▶ **ABOUT THIS EXERCISE**
Copy the data that follows exactly. Include no pictures.

▶ **DATASET EXCERPT**
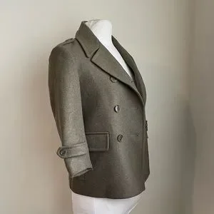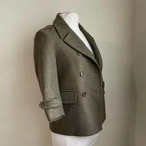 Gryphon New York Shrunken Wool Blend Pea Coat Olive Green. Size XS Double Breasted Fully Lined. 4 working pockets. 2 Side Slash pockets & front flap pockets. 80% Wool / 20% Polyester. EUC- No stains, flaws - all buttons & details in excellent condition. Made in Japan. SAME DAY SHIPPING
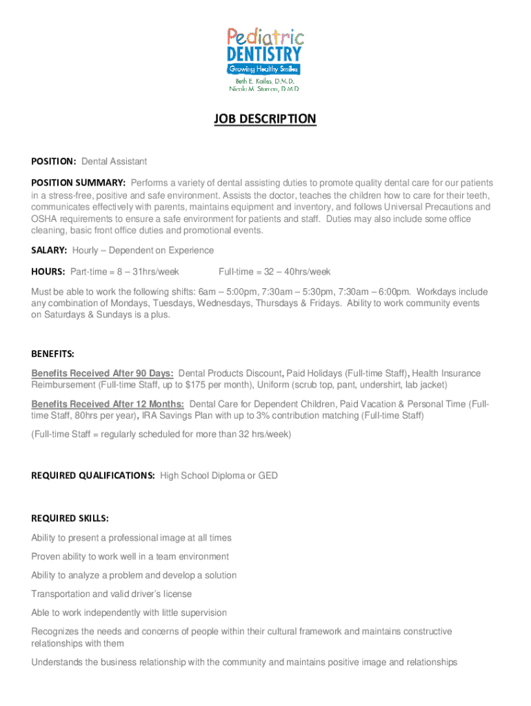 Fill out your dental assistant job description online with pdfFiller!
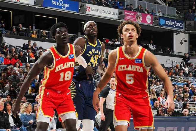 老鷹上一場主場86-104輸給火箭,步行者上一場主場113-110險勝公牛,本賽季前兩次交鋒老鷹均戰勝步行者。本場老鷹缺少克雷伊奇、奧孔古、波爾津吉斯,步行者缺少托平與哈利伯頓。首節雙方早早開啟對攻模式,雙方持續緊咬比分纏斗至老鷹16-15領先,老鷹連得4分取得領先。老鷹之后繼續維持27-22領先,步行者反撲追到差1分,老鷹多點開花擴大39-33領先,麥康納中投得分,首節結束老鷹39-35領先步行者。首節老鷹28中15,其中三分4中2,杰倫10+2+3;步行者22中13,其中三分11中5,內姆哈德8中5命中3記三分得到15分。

▶ **ANSWER TO THIS EXERCISE**
 Gryphon New York Shrunken Wool Blend Pea Coat Olive Green. Size XS Double Breasted Fully Lined. 4 working pockets. 2 Side Slash pockets & front flap pockets. 80% Wool / 20% Polyester. EUC- No stains, flaws - all buttons & details in excellent condition. Made in Japan. SAME DAY SHIPPING
 Fill out your dental assistant job description online with pdfFiller!
 老鷹上一場主場86-104輸給火箭,步行者上一場主場113-110險勝公牛,本賽季前兩次交鋒老鷹均戰勝步行者。本場老鷹缺少克雷伊奇、奧孔古、波爾津吉斯,步行者缺少托平與哈利伯頓。首節雙方早早開啟對攻模式,雙方持續緊咬比分纏斗至老鷹16-15領先,老鷹連得4分取得領先。老鷹之后繼續維持27-22領先,步行者反撲追到差1分,老鷹多點開花擴大39-33領先,麥康納中投得分,首節結束老鷹39-35領先步行者。首節老鷹28中15,其中三分4中2,杰倫10+2+3;步行者22中13,其中三分11中5,內姆哈德8中5命中3記三分得到15分。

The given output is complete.